* [Task directions] Begin with the first line below and retype each line exactly through the line containing "据蓬江区城管局介绍,目前蓬江". Any pictures are to be left out.

* [Dataset section]
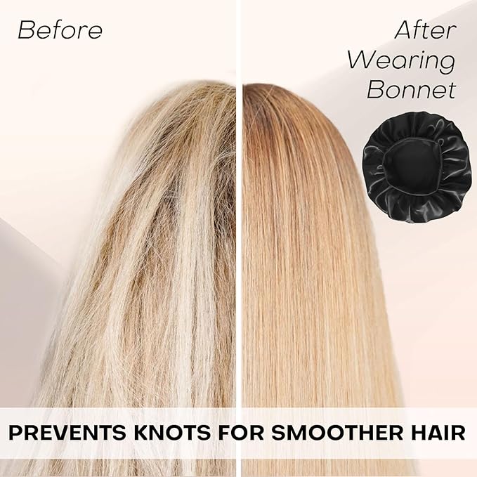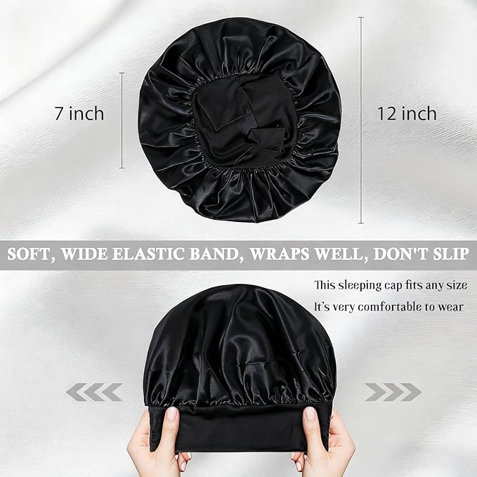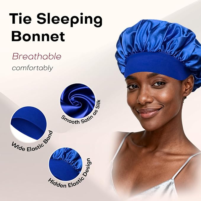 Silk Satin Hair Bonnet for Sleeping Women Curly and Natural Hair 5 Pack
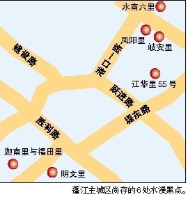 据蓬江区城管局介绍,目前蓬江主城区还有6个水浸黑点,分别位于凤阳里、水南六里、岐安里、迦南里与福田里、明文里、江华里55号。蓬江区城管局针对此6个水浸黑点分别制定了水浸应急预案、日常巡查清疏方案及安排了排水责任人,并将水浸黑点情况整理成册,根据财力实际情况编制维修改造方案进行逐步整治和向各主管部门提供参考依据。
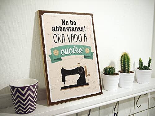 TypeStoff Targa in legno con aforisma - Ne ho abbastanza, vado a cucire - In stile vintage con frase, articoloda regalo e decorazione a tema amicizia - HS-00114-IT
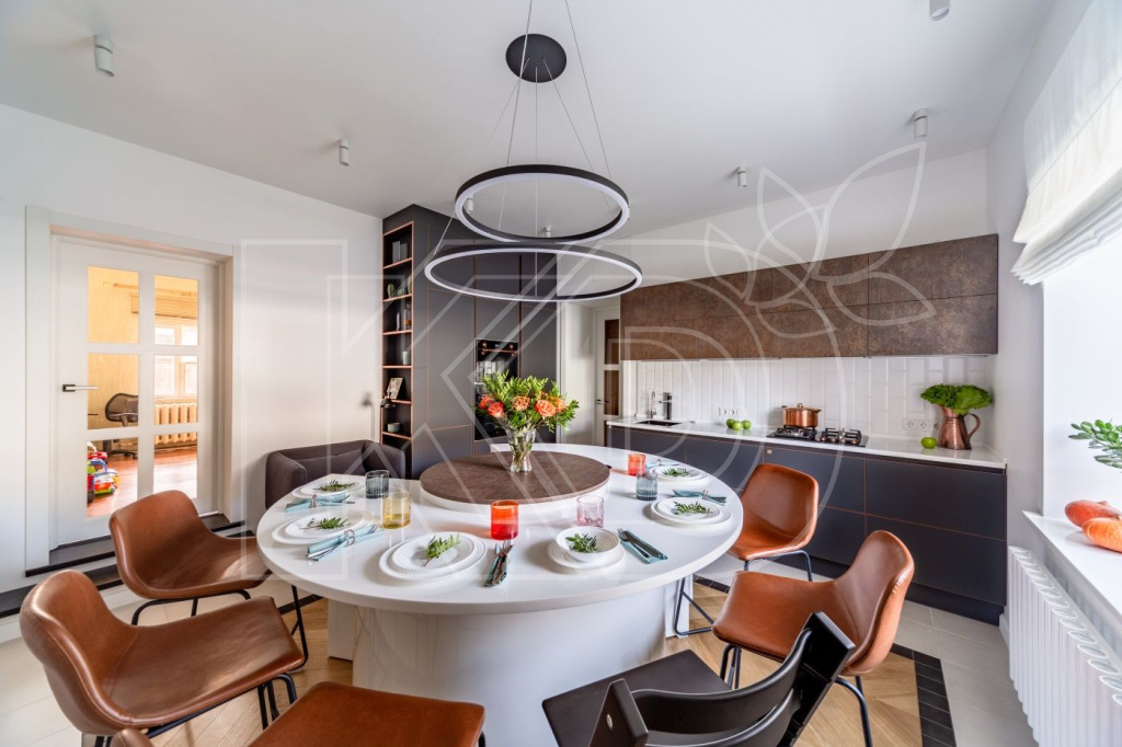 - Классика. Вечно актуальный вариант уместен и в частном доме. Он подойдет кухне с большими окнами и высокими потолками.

* [Exercise response]
 Silk Satin Hair Bonnet for Sleeping Women Curly and Natural Hair 5 Pack
 据蓬江区城管局介绍,目前蓬江主城区还有6个水浸黑点,分别位于凤阳里、水南六里、岐安里、迦南里与福田里、明文里、江华里55号。蓬江区城管局针对此6个水浸黑点分别制定了水浸应急预案、日常巡查清疏方案及安排了排水责任人,并将水浸黑点情况整理成册,根据财力实际情况编制维修改造方案进行逐步整治和向各主管部门提供参考依据。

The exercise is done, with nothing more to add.